If you have not been in another planet (and without interplanetary Internet connection), you probably have a (maybe vague) idea of what evolutionary computation is all about.

The basic idea is surprisingly simple, but incredibly powerful: an algorithm that tries to obtain good enough solutions by creating a population of data structures that represent them, and evolves that population by changing those solutions, combining them to create new ones, and, on average, making the better-suited survive and the worst-suited perish. That is the way Evolution of Species, as described by Darwin, has worked for a long time, so, why shouldn't it work for us?

It so happens that it does: evolutionary computation spans a family of optimization salgorithms, differing in details such as the way of selecting the best, how to create new solutions from existing ones, and the data structures used to represent those solutions. Those algorithms are called evolution strategies, genetic algorithms, genetic programming, or evolutionary programming, although they correspond to the same basic algorithmic skeleton.

Applications of evolutionary algorithms are found everywhere, even in the real world, and range from entertainment (playing Mastermind), to generating works of art like the eArtWeb does, to more mundane, but interesting nonetheless, things like assigning telecommunication frequencies, designing timetables, or scheduling tasks in an operating system.
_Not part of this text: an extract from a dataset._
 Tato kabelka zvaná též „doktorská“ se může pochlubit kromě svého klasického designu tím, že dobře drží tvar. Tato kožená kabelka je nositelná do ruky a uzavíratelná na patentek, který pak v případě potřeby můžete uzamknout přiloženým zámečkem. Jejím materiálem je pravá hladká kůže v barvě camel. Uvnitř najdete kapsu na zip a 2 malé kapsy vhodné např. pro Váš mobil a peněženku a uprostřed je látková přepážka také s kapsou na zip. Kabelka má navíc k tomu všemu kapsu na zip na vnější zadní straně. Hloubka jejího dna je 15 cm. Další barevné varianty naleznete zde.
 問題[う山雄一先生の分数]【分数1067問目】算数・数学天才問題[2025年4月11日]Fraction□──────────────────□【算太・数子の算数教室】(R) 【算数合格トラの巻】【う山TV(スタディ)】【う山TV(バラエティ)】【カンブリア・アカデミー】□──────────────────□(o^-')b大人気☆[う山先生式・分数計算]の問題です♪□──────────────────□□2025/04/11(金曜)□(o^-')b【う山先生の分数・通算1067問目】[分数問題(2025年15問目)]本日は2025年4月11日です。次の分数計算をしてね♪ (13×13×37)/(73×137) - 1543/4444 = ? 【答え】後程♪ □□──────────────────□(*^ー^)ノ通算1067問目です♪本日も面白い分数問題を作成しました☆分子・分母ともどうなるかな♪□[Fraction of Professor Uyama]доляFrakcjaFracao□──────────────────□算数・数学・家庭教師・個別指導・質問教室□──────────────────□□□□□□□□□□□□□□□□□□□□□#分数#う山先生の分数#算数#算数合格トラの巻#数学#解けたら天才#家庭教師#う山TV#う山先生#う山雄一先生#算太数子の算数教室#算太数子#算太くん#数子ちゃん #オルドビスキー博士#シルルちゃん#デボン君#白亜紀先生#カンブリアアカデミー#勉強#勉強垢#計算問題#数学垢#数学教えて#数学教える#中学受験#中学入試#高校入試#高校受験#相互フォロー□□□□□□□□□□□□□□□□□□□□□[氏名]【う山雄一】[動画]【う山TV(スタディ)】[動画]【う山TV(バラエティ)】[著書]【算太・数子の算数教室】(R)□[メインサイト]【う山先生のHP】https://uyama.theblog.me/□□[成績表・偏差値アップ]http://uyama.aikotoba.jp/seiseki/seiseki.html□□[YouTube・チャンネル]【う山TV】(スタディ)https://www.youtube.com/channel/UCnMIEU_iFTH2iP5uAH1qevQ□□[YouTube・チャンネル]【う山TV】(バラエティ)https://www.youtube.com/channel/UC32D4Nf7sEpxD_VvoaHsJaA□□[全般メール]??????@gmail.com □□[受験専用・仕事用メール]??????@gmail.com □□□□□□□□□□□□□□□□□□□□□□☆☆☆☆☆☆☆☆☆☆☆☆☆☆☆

This tutorial will be divided in two parts: the first will be devoted to explaining the guts (and glory) of an evolutionary algorithm, by programming it from scratch, introducing new elements, until we arrive at the canonical classical genetic algorithm. The second part will use an existing evolutionary computation library, called Algorithm::Evolutionary, to design evolutionary computation applications by using XML, Perl, and taking advantage of the facilities Perl modules afford us.